È altrettanto ovvio che esista una memoria a livello di corpo astrale: se un’emozione di paura non restasse immagazzinata con la sua intensità emotiva questa intensità emotiva si presenterebbe sempre come una bomba sconosciuta ogni volta che la situazione emotivamente «forte» si ripresenta.
Accade invece che l’emozione «forte» diventa sempre meno forte ogni volta che la situazione si ripete e, più volte si ripete, più debole diventa l’emozione. Questa perdita di intensità dell’emozione sotto l’influenza di uno stimolo ripetuto avviene perché l’emozione è già conosciuta, ricordata e quindi, sempre di più a ogni ripetizione dell’esperienza, sfrondata di intensità per focalizzarsi su altri aspetti emotivi dell’esperienza.
Per quanto riguarda il corpo mentale non vi sono dubbi che esista una memoria: basta pensare al fatto che se non esistesse la memoria di ciò che si fa, si dice o si pensa non sarebbe possibile condurre un ragionamento ed estrarre da esso deduzioni, ipotesi o anche solo semplici considerazioni.
Ma allora, dov’è situata la sorgente della memoria?

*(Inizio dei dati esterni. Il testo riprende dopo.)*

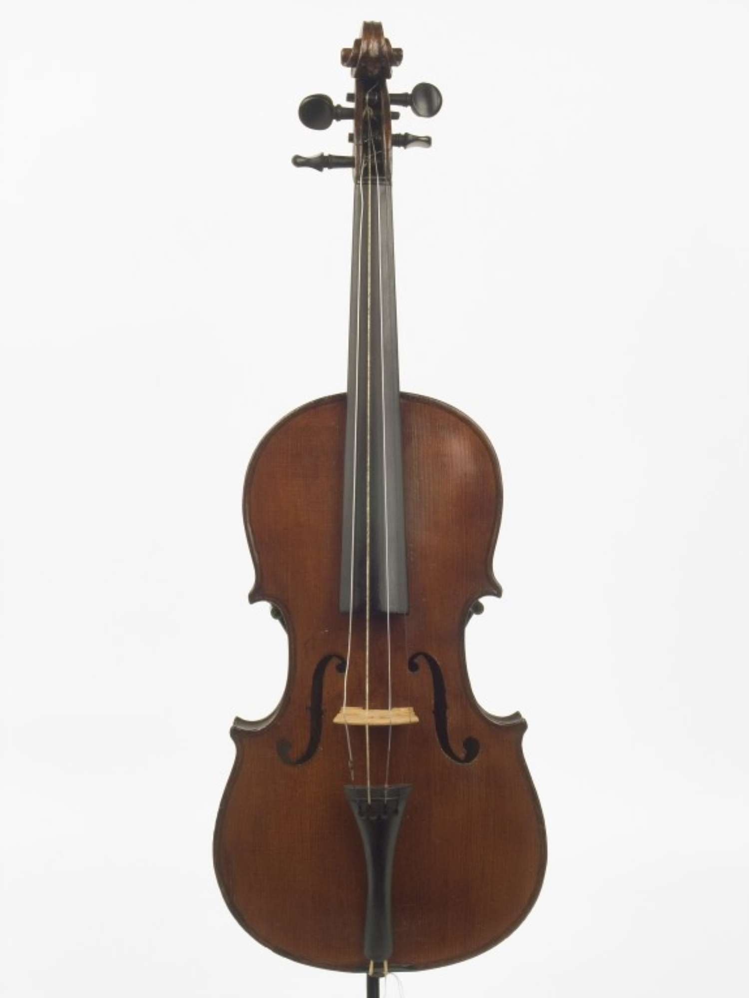 Il fondo è in due pezzi non simmetrici di acero, marezzatura fine e irregolare posizionata all'esterno. La sguscia esterna è larga, mentre la bombatura è regolare. Le punte sono solo leggermente scaricate. Le fasce sono dello stesso legno del fondo e della testa. La tavola è in due pezzi di abete a venatura fine e media irregolare che si allarga verso i bordi con anelli annuali marcati ma poco visibili per via della vernice. La sguscia del bordo è simile a quella del fondo. La testa è in acero e la chiocciola è regolare. Il filetto è di legno con la parte bianca molto stretta. Le controfasce sono in abete e lo strumento è costruito senza tasselli delle punte. La tastiera e la cordiera sono di legno tinto. I piroli sono di diversa fattura. Il bottone della cordiera è di ebano. La vernice è di colore rossastro, ritoccata sui bordi, fasce e testa con una vernice bruna. Lo strumento è spalmato di un olio non siccativo.
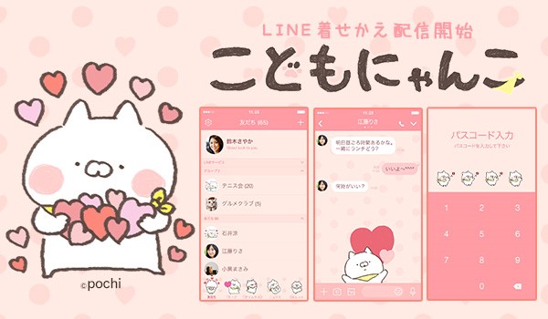 LINE着せかえ最新作は、「ハート」をテーマにシンプルなデザイン。ベビーピンクのカラーリングでまとめることで「こどもにゃんこ」のかわいらしさが引き立った着せかえとなっております!

Certamente non nel cervello, come potrebbe pensare qualcuno di voi. Il cervello conserva in una sorta di «memoria» temporanea gli accadimenti della quotidianità, in una sorta di memoria «tampone» che distribuisce le risultanze dell’esperienza vissuta ai corpi cui compete quel settore di esperienza: la parte emozionale al corpo astrale, la parte razionale al corpo mentale, affinché essi provvedano in qualche maniera a sottoporle a un primo ordine vibratorio da inviare poi, come dato utile per la comprensione dell’esperienza, al corpo akasico.
Tuttavia questa memoria «tampone» posseduta dal cervello è evidente che viene annullata al momento della morte dell’individuo, anche solo per il fatto che l’organo cerebrale perde la sua funzionalità.
Risulta chiaramente che la memoria «permanente» non può che essere situata nel corpo che non è transitorio, ovvero nel corpo akasico.
Tutto ciò che viene vissuto, le emozioni, i ragionamenti, i fatti e tutto il complesso corredo che li accompagna si trascrive all’interno del corpo akasico dell’individuo, fissandosi definitivamente in esso allorché viene raggiunta una comprensione.
È a questo bagaglio di riferimenti che il corpo akasico fa riferimento per indurre i corpi inferiori a ricercare certe esperienze e non altre.
In parole povere il corpo akasico deve necessariamente possedere una memoria per poter correlare tra loro le esperienze e trarne quei collegamenti che lo inducono a muovere i corpi inferiori nel corso dell’incarnazione alla ricerca delle situazioni più adatte per appagare il suo desiderio di comprendere senza ombra di dubbio ciò che «sente di non aver compreso».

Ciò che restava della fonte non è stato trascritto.